Arrêté en septembre 1999, le SROS II fixait un certain nombre d'objectifs ambitieux. Où en est aujourd'hui ce schéma ? « En psychiatrie et sur les soins de suite, nous avons très bien avancé », commente Philippe Ritter. « Dans le domaine du MCO, le gros problème aura été d'équilibrer les moyens entre les établissements ayant des soucis de développement d'activité, et donc d'augmentation de moyens et de capacité, notamment en Savoie, en Haute-Savoie, et dans le nord de l'Isère. Dans d'autres zones, il a fallu maintenir une offre sanitaire malgré le déclin démographique. »
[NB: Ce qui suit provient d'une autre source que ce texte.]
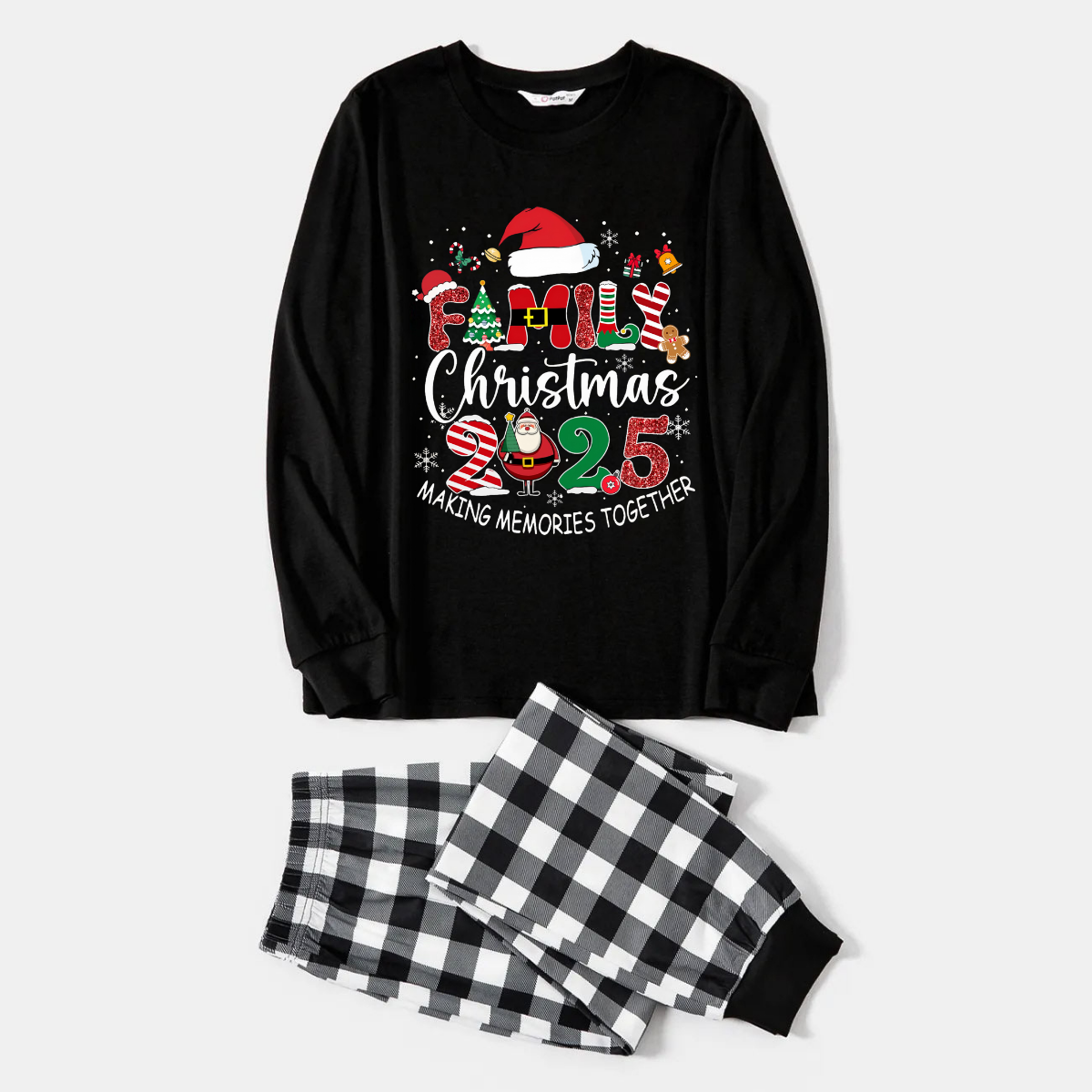 Black and White Plaid Christmas Pajamas Set With "Family Christmas 2025 Making Memories Together" Text Print

La région Rhône-Alpes requiert, en effet, la conciliation d'impératifs parfois divergents, liés à la saisonnalité dans la zone alpine ou dans le sud de la Drôme et de l'Ardèche. « Nous avons donc essayé d'adapter l'offre », estime le directeur de l'ARH. Le SROS reposait par ailleurs sur l'idée d'un travail en « pôle sanitaire » impliquant la coopération des établissements proches, publics ou privés. Une démarche qui n'a pas toujours été « facile à entreprendre », souligne-t-il, en précisant toutefois que sa mise en uvre est effective dans certains départements : « Dans le nord-Isère, par exemple, nous avons élaboré un projet stratégique rassemblant tous les établissements de ce secteur en perspective de la construction d'un nouvel établissement associant public et privé à l'Isle d'Abeau. »
Tensions avec les HCL
Avec les Hospices civils de Lyon (HCL), les négociations ont été parfois âpres. Probablement parce que le CHU lyonnais a été le plus gros pourvoyeur du prélèvement de 0,5 % effectué sur les établissements les mieux dotés afin de financer les opérations de restructuration. Or « les HCL n'ont pas cessé de contester cette politique de redistribution », rappelle le directeur général de la caisse régionale d'assurance-maladie (CRAM) de Rhône-Alpes, Jacques Kiner, « ce qui ne les a d'ailleurs pas empêchés de développer de leur côté d'importants projets de restructuration ». Une tension réactivée lorsque l'ARH et les HCL ont dû se mettre d'accord sur un contrat d'objectifs et de moyens, ou encore, lorsque Philippe Ritter a voulu faire avancer la coordination des trois CHU de la région, sur la radiologie interventionnelle ou la transplantation, pourtant déjà recommandée par le premier SROS. En revanche, le directeur de l'ARH estime avoir pu « travailler en lien étroit » avec l'assurance-maladie. Ce que confirme Jacques Kiner, en soulignant « la confiance et le respect mutuel » qui ont permis à l'assurance-maladie « de faire prévaloir ses préoccupations (...) ». Au total, « si les ARH ont permis d'avoir une vision cohérente de l'hospitalisation publique et privée, on s'aperçoit bien de leurs limites dans leurs modalités de fonctionnement », concède Philippe Ritter. Le directeur de l'ARH quitte donc Rhône-Alpes pour l'Ile-de-France avec un souhait, celui de voir naître les agences régionales de santé, les ARS, « qui permettront une plus grande cohérence de la prise en charge sanitaire de la population », conclut-il.